> [Material shown]
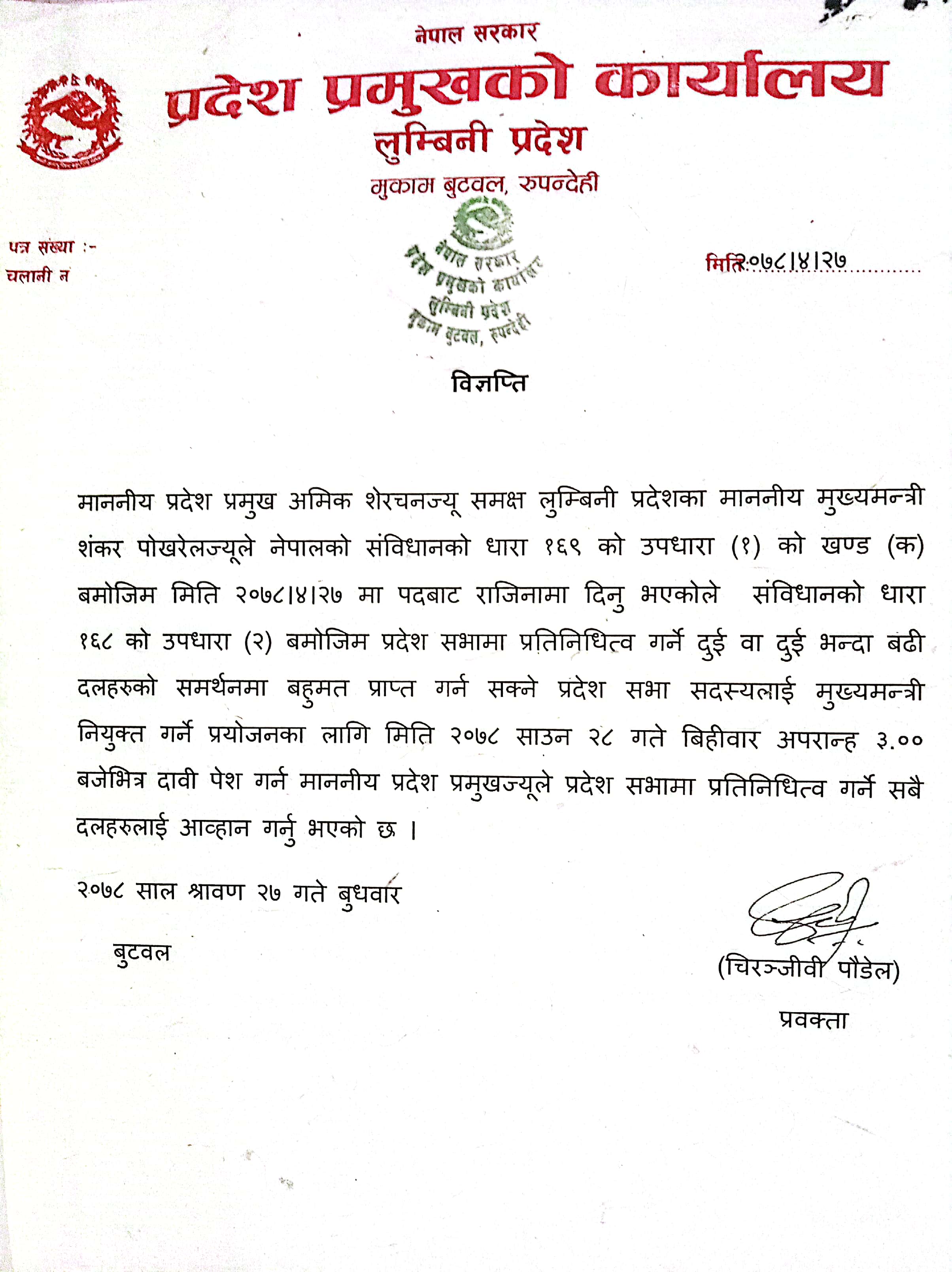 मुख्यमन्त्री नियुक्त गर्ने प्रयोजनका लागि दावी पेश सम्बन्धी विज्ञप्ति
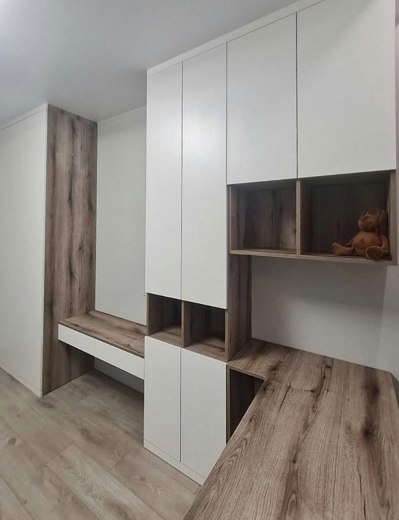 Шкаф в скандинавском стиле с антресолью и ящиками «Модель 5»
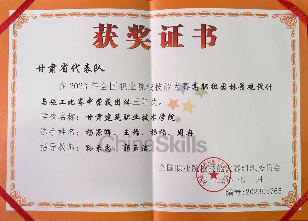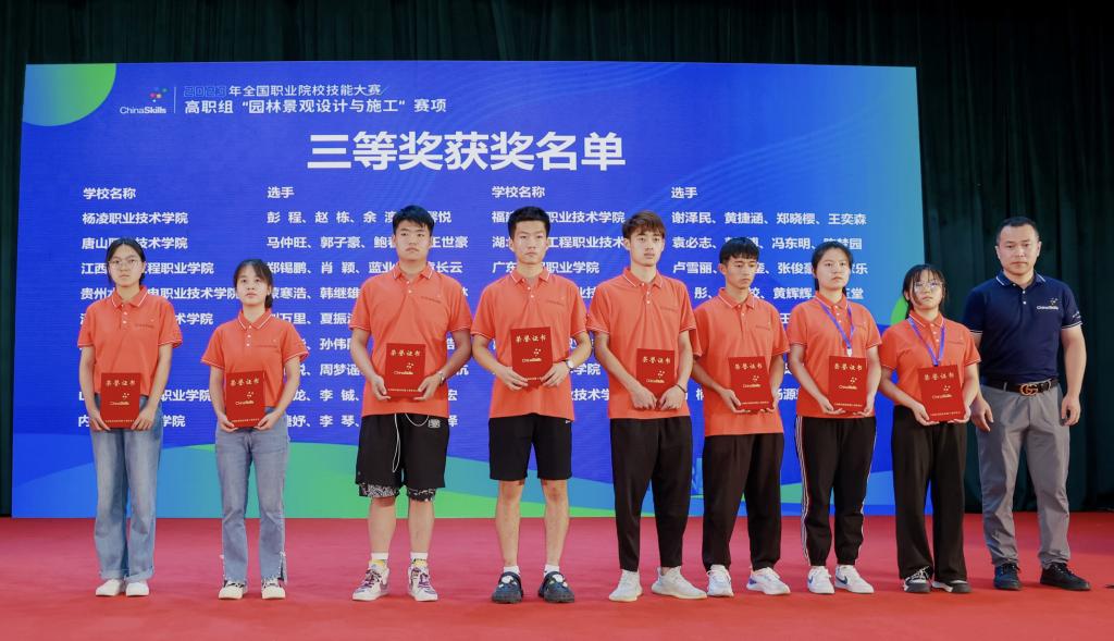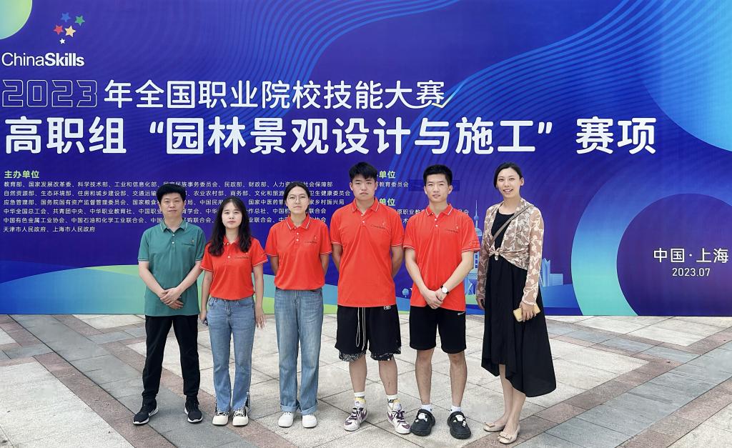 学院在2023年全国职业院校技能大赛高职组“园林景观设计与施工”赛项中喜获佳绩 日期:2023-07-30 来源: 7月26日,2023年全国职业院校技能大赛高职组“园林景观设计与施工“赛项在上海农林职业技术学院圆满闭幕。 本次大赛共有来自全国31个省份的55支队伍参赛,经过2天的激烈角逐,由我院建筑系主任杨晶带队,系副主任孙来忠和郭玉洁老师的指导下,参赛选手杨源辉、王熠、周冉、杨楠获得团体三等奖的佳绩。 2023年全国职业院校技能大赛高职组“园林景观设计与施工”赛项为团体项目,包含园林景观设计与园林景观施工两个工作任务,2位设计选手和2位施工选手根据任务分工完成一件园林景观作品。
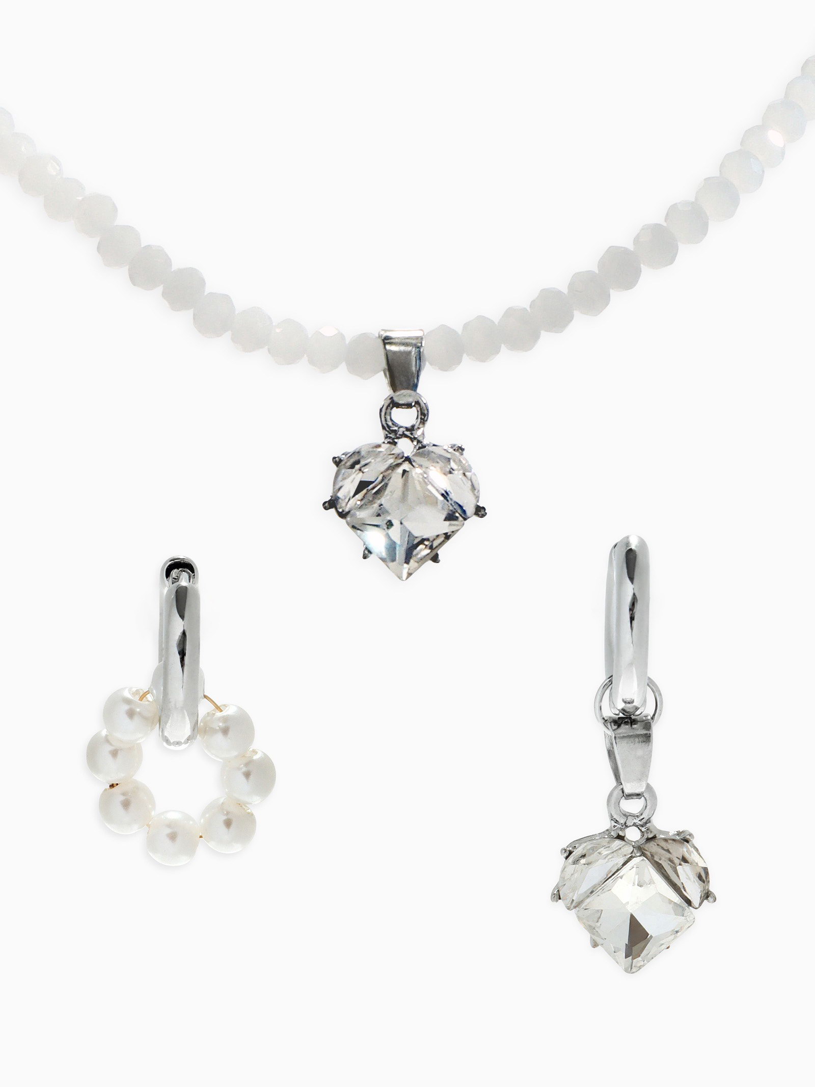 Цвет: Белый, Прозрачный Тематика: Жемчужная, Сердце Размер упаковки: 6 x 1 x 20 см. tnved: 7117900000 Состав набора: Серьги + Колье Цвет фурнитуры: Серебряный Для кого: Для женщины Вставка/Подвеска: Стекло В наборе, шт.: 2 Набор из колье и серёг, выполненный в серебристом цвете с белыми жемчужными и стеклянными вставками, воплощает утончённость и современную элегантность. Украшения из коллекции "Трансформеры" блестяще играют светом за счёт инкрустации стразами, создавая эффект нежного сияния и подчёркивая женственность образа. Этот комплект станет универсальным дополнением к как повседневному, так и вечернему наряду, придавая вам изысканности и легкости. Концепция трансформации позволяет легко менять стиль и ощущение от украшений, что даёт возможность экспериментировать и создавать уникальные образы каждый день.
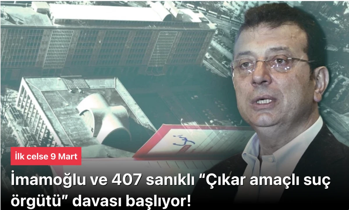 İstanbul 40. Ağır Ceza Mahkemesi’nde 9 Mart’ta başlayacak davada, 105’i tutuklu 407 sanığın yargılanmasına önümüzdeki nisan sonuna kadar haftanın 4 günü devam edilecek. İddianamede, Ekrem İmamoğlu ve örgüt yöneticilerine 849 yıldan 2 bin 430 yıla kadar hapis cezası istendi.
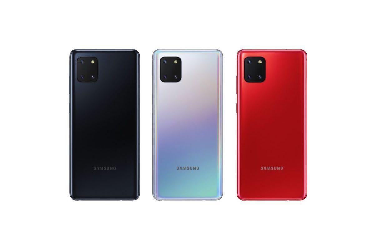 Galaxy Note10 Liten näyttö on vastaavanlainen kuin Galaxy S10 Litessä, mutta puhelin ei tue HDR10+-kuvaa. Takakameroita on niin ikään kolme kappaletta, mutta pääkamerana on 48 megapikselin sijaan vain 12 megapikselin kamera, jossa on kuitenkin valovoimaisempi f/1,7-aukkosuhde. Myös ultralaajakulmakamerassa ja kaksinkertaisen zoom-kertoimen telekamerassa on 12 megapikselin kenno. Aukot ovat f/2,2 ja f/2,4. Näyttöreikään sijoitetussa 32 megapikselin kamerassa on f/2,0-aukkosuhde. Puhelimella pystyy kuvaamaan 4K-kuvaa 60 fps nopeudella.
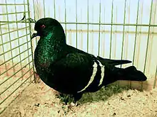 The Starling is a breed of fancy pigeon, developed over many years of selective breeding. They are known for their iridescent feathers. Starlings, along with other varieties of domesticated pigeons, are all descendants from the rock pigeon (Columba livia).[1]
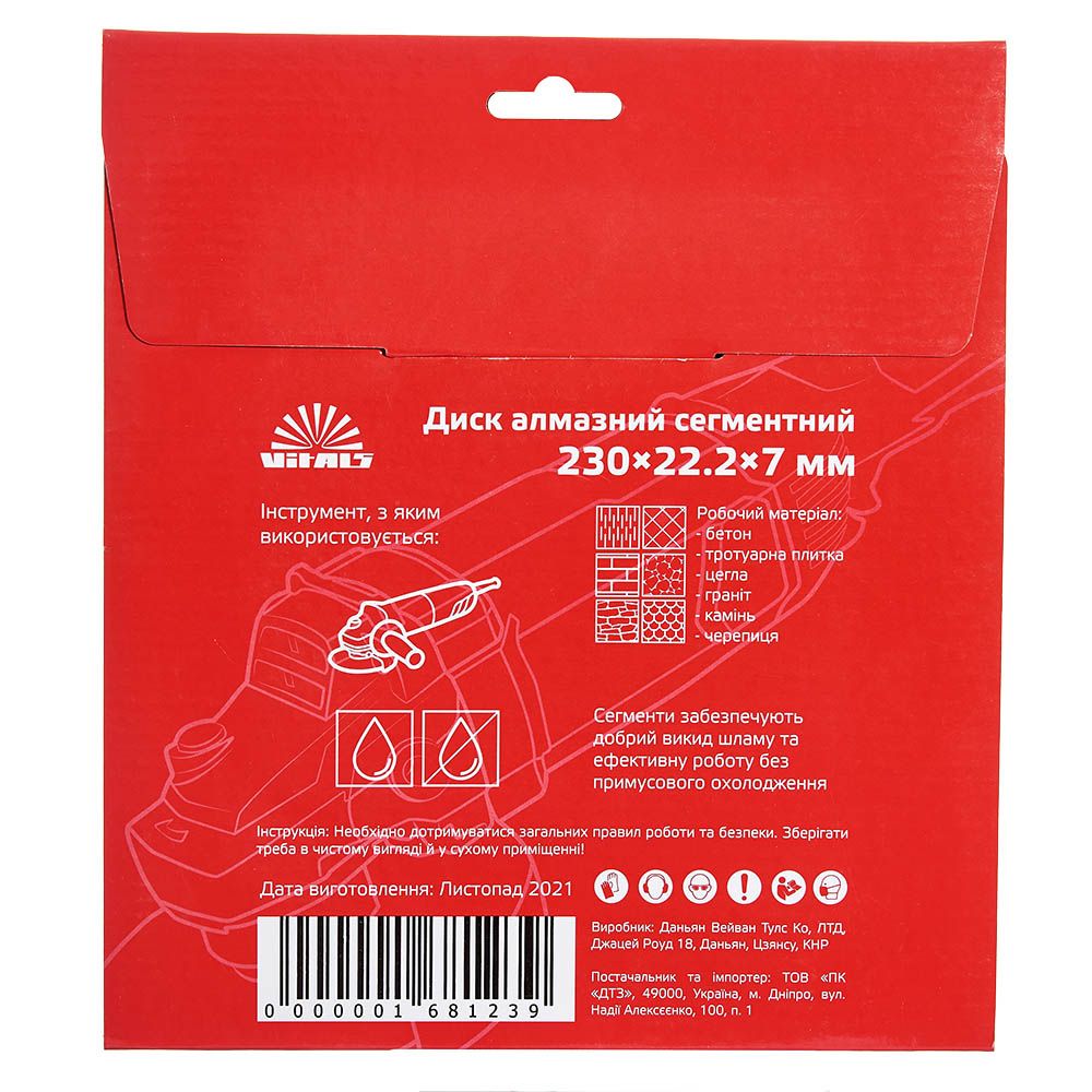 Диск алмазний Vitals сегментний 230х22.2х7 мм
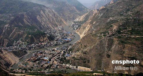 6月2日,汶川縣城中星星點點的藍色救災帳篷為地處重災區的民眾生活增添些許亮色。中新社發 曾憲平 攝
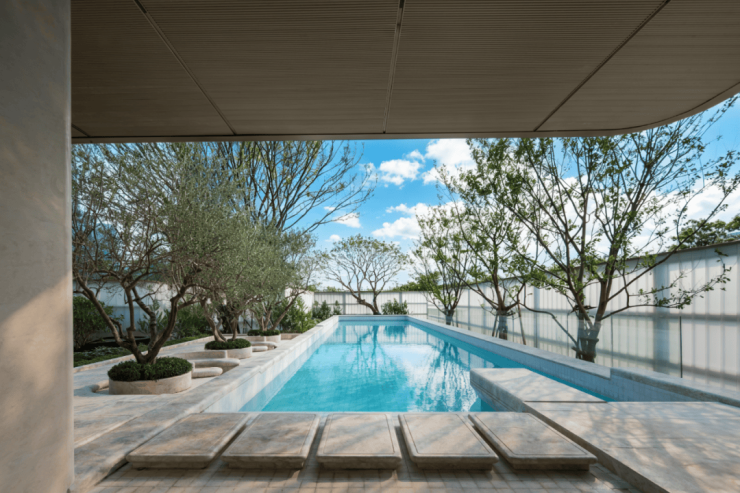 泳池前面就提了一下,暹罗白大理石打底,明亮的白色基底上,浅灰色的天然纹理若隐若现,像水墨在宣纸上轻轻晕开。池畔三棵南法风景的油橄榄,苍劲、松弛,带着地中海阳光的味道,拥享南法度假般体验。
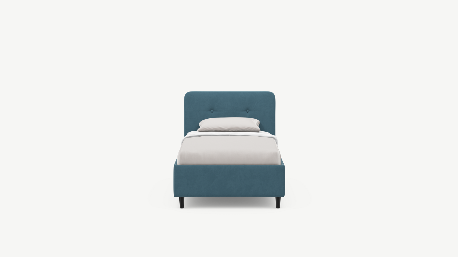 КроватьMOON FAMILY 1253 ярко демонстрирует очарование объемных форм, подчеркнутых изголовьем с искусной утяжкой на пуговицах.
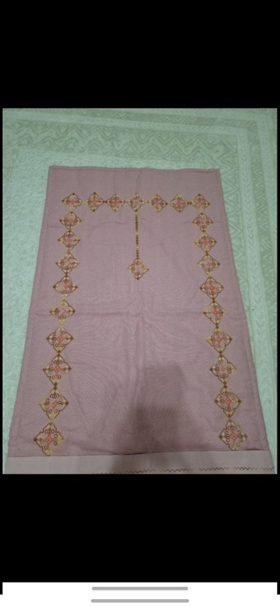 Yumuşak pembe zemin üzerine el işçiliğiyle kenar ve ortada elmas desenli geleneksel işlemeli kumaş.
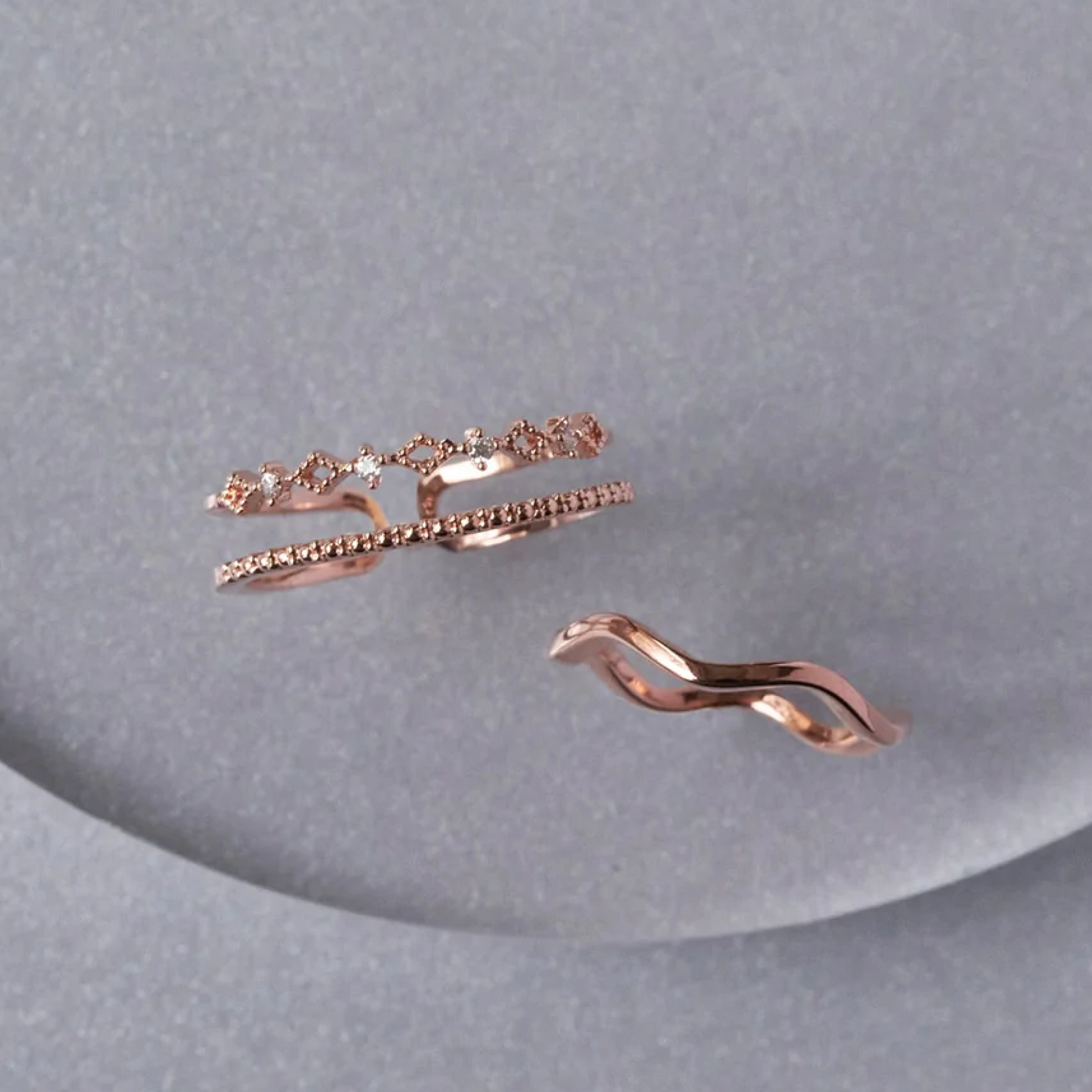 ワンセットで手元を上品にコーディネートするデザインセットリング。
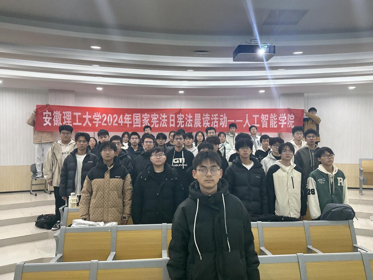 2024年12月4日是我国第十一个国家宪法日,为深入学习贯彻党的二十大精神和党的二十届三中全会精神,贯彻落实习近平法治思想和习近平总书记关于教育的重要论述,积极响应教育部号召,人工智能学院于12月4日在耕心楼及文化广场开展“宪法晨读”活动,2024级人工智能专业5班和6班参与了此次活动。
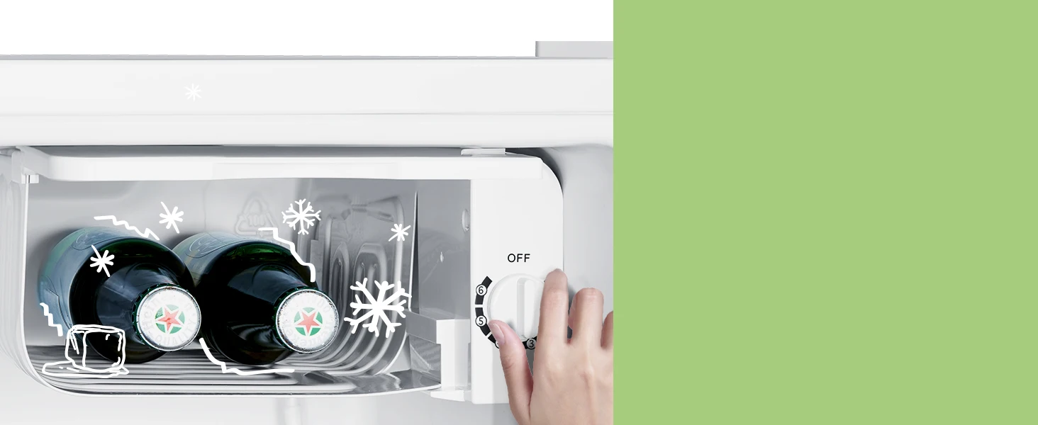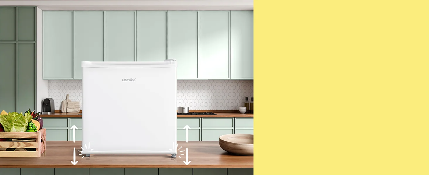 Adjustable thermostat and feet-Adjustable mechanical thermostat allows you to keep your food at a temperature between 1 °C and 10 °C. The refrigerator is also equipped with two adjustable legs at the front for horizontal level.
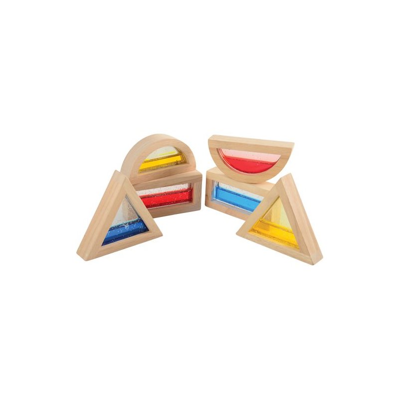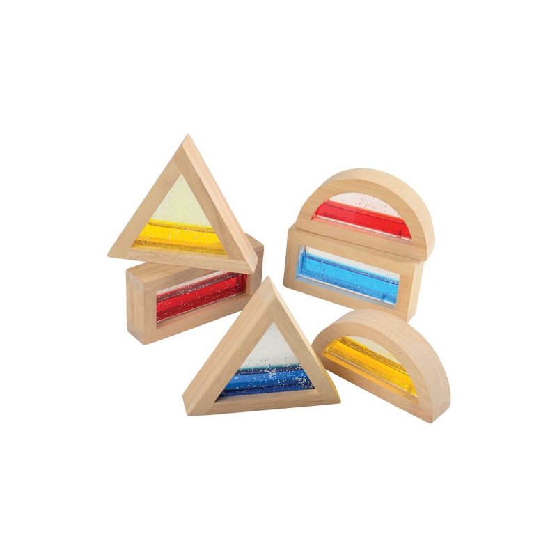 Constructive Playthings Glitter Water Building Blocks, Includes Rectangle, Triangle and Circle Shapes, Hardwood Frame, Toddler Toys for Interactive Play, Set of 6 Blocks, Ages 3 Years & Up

> [Work to be completed] Retype only the lines above from the one with "Yumuşak pembe zemin" through the one with "Adjustable thermostat and", exactly and with both ends. Images stay out.

> [Written solution]
 Yumuşak pembe zemin üzerine el işçiliğiyle kenar ve ortada elmas desenli geleneksel işlemeli kumaş.
 ワンセットで手元を上品にコーディネートするデザインセットリング。
 2024年12月4日是我国第十一个国家宪法日,为深入学习贯彻党的二十大精神和党的二十届三中全会精神,贯彻落实习近平法治思想和习近平总书记关于教育的重要论述,积极响应教育部号召,人工智能学院于12月4日在耕心楼及文化广场开展“宪法晨读”活动,2024级人工智能专业5班和6班参与了此次活动。
 Adjustable thermostat and feet-Adjustable mechanical thermostat allows you to keep your food at a temperature between 1 °C and 10 °C. The refrigerator is also equipped with two adjustable legs at the front for horizontal level.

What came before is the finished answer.